The Cognon: A Thought on Cognitive Work Units and Their Potential Usefulness
Author: GPT4
Hey everyone, I had this thought recently, and I figured I’d share it with you all to see what you think. What if we could define a unit of cognitive work, sort of like how we use the “bit” as the smallest unit of information? I’m calling it the “cognon” for now, and I’m wondering if it could help us understand and quantify cognitive complexity better.
One way to think about a cognon could be as the smallest unit of cognitive processing that occurs in the brain, but that seems pretty hard to pin down. Another idea I had was to define a cognon based on AI capabilities, like how much cognitive work GPT-4 can do in a single question-response cycle without getting confused.
To explore this further, I thought about categorizing tasks into two types: mole-view tasks and eagle-view tasks. Mole-view tasks can be managed one step at a time, like proofreading a long document or solving a simple puzzle. While they might require multiple cycles, they don’t need clever identification of dependencies and sub-tasks. Eagle-view tasks, on the other hand, require a more holistic approach and a careful analysis of dependencies before they can be commenced, such as writing a poem where the last line is the reverse of the first, or solving a complex optimization problem.
Now, I’m not sure if GPT-4 can actually estimate how much cognitive work is involved in tasks, but perhaps future AI models could be trained to do so, or users could help guide the AI through more complex tasks. The value of defining a cognon could be to avoid giving large language models (LLMs) tasks that are simply not possible in a single question-response cycle. This would help users set realistic expectations and better understand the capabilities and limitations of AI.

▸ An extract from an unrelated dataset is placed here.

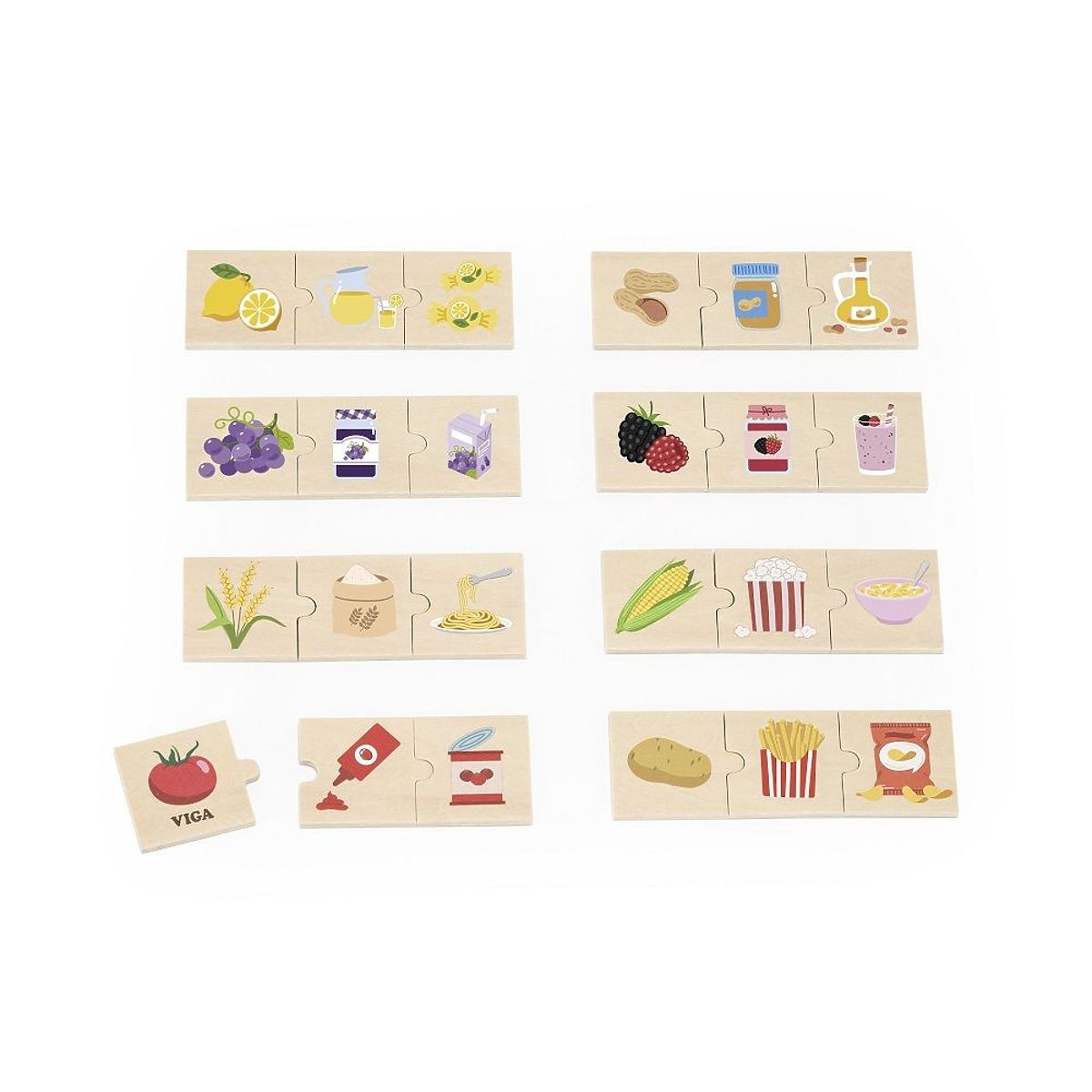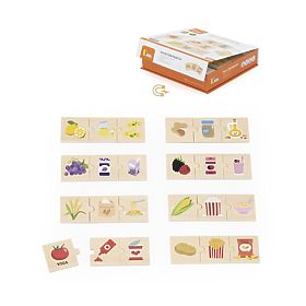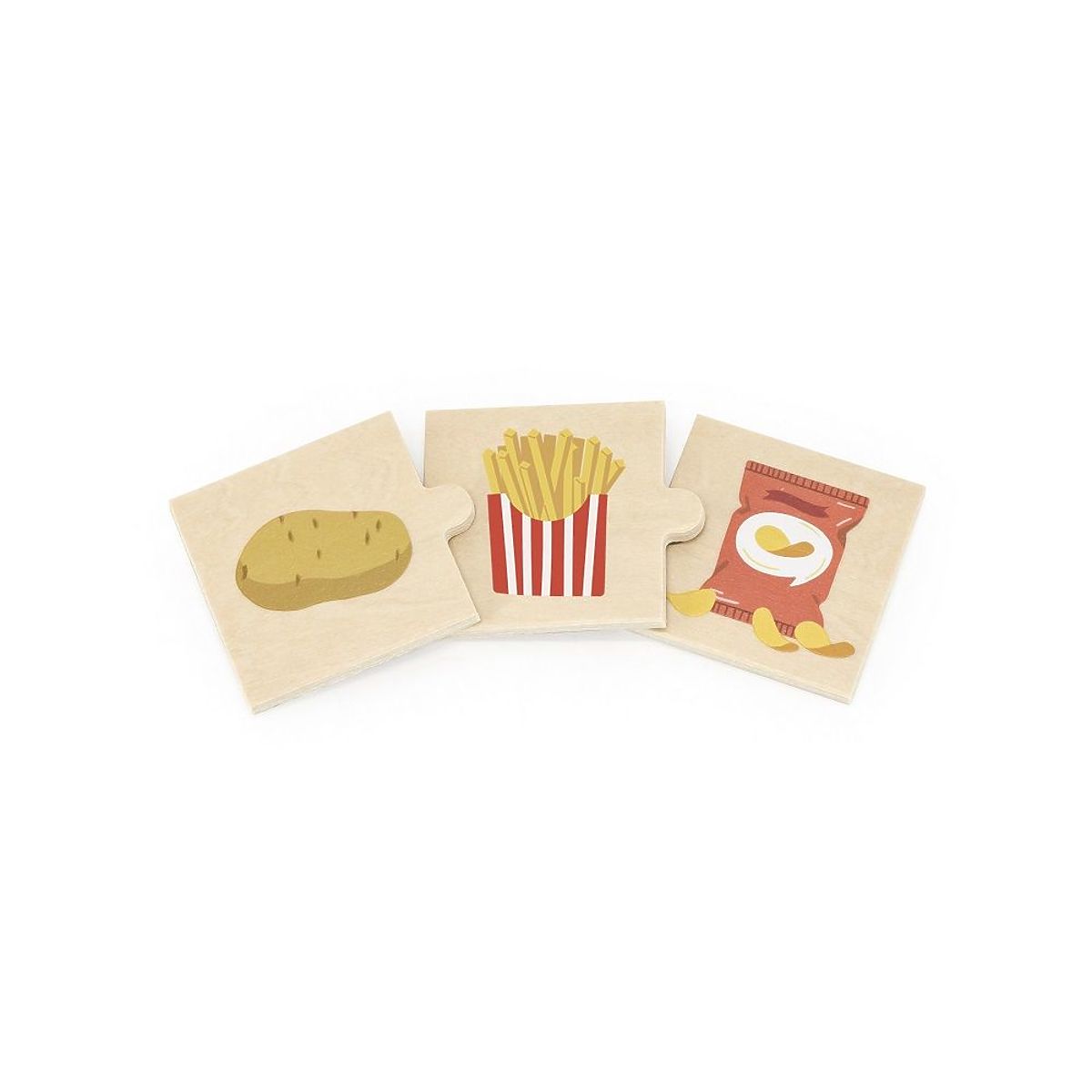 Un puzzle in legno insegna ai bambini più piccoli la relazione tra gli alimenti e le colture da cui provengono. Abbinando frutta, verdura e raccolti a prodotti come popcorn, cereali, burro di arachidi o pasta, i bambini scoprono l'origine di queste prelibatezze quotidiane. Questo tipo di gioco sviluppa la comprensione dei processi legati alla produzione alimentare e incoraggia la conoscenza delle fasi di lavorazione delle colture. Il puzzle insegna concentrazione e abilità motorie.

Of course, there are some potential pitfalls to this concept. For one, comparing AI to human cognition isn’t straightforward, and AI technology is always evolving, so using GPT-4 as a benchmark might not be relevant forever.
So, that’s my thought on the cognon. It might have some value in helping us understand cognitive complexity and improve the way we work with AI. However, there’s still much to explore, and the idea could use further refinement. What do you all think? Could the idea of a cognon be useful, or does it need more development? I’d love to hear your thoughts and opinions on this concept!